Assignment: What's needed is an exact copy of all the data below, without pictures.

Available data:
- - -
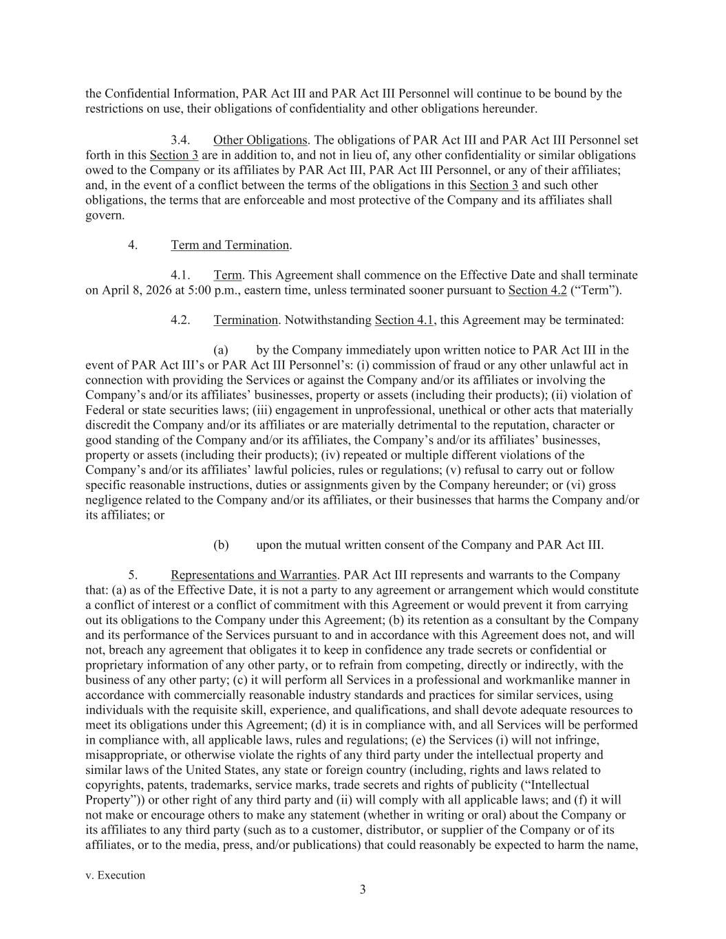 v. Execution 3 the Confidential Information, PAR Act III and PAR Act III Personnel will continue to be bound by the restrictions on use, their obligations of confidentiality and other obligations hereunder. 3.4. Other Obligations. The obligations of PAR Act III and PAR Act III Personnel set forth in this Section 3 are in addition to, and not in lieu of, any other confidentiality or similar obligations owed to the Company or its affiliates by PAR Act III, PAR Act III Personnel, or any of their affiliates; and, in the event of a conflict between the terms of the obligations in this Section 3 and such other obligations, the terms that are enforceable and most protective of the Company and its affiliates shall govern. 4. Term and Termination. 4.1. Term. This Agreement shall commence on the Effective Date and shall terminate on April 8, 2026 at 5:00 p.m., eastern time, unless terminated sooner pursuant to Section 4.2 (“Term”). 4.2. Termination. Notwithstanding Section 4.1, this Agreement may be terminated: (a) by the Company immediately upon written notice to PAR Act III in the event of PAR Act III’s or PAR Act III Personnel’s: (i) commission of fraud or any other unlawful act in connection with providing the Services or against the Company and/or its affiliates or involving the Company’s and/or its affiliates’ businesses, property or assets (including their products); (ii) violation of Federal or state securities laws; (iii) engagement in unprofessional, unethical or other acts that materially discredit the Company and/or its affiliates or are materially detrimental to the reputation, character or good standing of the Company and/or its affiliates, the Company’s and/or its affiliates’ businesses, property or assets (including their products); (iv) repeated or multiple different violations of the Company’s and/or its affiliates’ lawful policies, rules or regulations; (v) refusal to carry out or follow specific reasonable instructions, duties or assignments given by the Company hereunder; or (vi) gross negligence related to the Company and/or its affiliates, or their businesses that harms the Company and/or its affiliates; or (b) upon the mutual written consent of the Company and PAR Act III. 5. Representations and Warranties. PAR Act III represents and warrants to the Company that: (a) as of the Effective Date, it is not a party to any agreement or arrangement which would constitute a conflict of interest or a conflict of commitment with this Agreement or would prevent it from carrying out its obligations to the Company under this Agreement; (b) its retention as a consultant by the Company and its performance of the Services pursuant to and in accordance with this Agreement does not, and will not, breach any agreement that obligates it to keep in confidence any trade secrets or confidential or proprietary information of any other party, or to refrain from competing, directly or indirectly, with the business of any other party; (c) it will perform all Services in a professional and workmanlike manner in accordance with commercially reasonable industry standards and practices for similar services, using individuals with the requisite skill, experience, and qualifications, and shall devote adequate resources to meet its obligations under this Agreement; (d) it is in compliance with, and all Services will be performed in compliance with, all applicable laws, rules and regulations; (e) the Services (i) will not infringe, misappropriate, or otherwise violate the rights of any third party under the intellectual property and similar laws of the United States, any state or foreign country (including, rights and laws related to copyrights, patents, trademarks, service marks, trade secrets and rights of publicity (“Intellectual Property”)) or other right of any third party and (ii) will comply with all applicable laws; and (f) it will not make or encourage others to make any statement (whether in writing or oral) about the Company or its affiliates to any third party (such as to a customer, distributor, or supplier of the Company or of its affiliates, or to the media, press, and/or publications) that could reasonably be expected to harm the name,
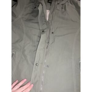 • Features: Zip & snap front, adjustable hood, zippered pockets
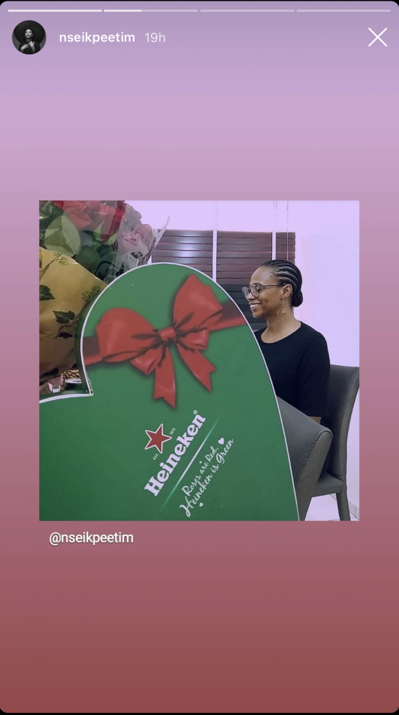 As seen by the social media posts by Nse Ikpe Etim, the actress was elated to receive the bouquet of followers and the special Heineken box which contained the new sleek cans.
- - -
Response below:
 v. Execution 3 the Confidential Information, PAR Act III and PAR Act III Personnel will continue to be bound by the restrictions on use, their obligations of confidentiality and other obligations hereunder. 3.4. Other Obligations. The obligations of PAR Act III and PAR Act III Personnel set forth in this Section 3 are in addition to, and not in lieu of, any other confidentiality or similar obligations owed to the Company or its affiliates by PAR Act III, PAR Act III Personnel, or any of their affiliates; and, in the event of a conflict between the terms of the obligations in this Section 3 and such other obligations, the terms that are enforceable and most protective of the Company and its affiliates shall govern. 4. Term and Termination. 4.1. Term. This Agreement shall commence on the Effective Date and shall terminate on April 8, 2026 at 5:00 p.m., eastern time, unless terminated sooner pursuant to Section 4.2 (“Term”). 4.2. Termination. Notwithstanding Section 4.1, this Agreement may be terminated: (a) by the Company immediately upon written notice to PAR Act III in the event of PAR Act III’s or PAR Act III Personnel’s: (i) commission of fraud or any other unlawful act in connection with providing the Services or against the Company and/or its affiliates or involving the Company’s and/or its affiliates’ businesses, property or assets (including their products); (ii) violation of Federal or state securities laws; (iii) engagement in unprofessional, unethical or other acts that materially discredit the Company and/or its affiliates or are materially detrimental to the reputation, character or good standing of the Company and/or its affiliates, the Company’s and/or its affiliates’ businesses, property or assets (including their products); (iv) repeated or multiple different violations of the Company’s and/or its affiliates’ lawful policies, rules or regulations; (v) refusal to carry out or follow specific reasonable instructions, duties or assignments given by the Company hereunder; or (vi) gross negligence related to the Company and/or its affiliates, or their businesses that harms the Company and/or its affiliates; or (b) upon the mutual written consent of the Company and PAR Act III. 5. Representations and Warranties. PAR Act III represents and warrants to the Company that: (a) as of the Effective Date, it is not a party to any agreement or arrangement which would constitute a conflict of interest or a conflict of commitment with this Agreement or would prevent it from carrying out its obligations to the Company under this Agreement; (b) its retention as a consultant by the Company and its performance of the Services pursuant to and in accordance with this Agreement does not, and will not, breach any agreement that obligates it to keep in confidence any trade secrets or confidential or proprietary information of any other party, or to refrain from competing, directly or indirectly, with the business of any other party; (c) it will perform all Services in a professional and workmanlike manner in accordance with commercially reasonable industry standards and practices for similar services, using individuals with the requisite skill, experience, and qualifications, and shall devote adequate resources to meet its obligations under this Agreement; (d) it is in compliance with, and all Services will be performed in compliance with, all applicable laws, rules and regulations; (e) the Services (i) will not infringe, misappropriate, or otherwise violate the rights of any third party under the intellectual property and similar laws of the United States, any state or foreign country (including, rights and laws related to copyrights, patents, trademarks, service marks, trade secrets and rights of publicity (“Intellectual Property”)) or other right of any third party and (ii) will comply with all applicable laws; and (f) it will not make or encourage others to make any statement (whether in writing or oral) about the Company or its affiliates to any third party (such as to a customer, distributor, or supplier of the Company or of its affiliates, or to the media, press, and/or publications) that could reasonably be expected to harm the name,
 • Features: Zip & snap front, adjustable hood, zippered pockets
 As seen by the social media posts by Nse Ikpe Etim, the actress was elated to receive the bouquet of followers and the special Heineken box which contained the new sleek cans.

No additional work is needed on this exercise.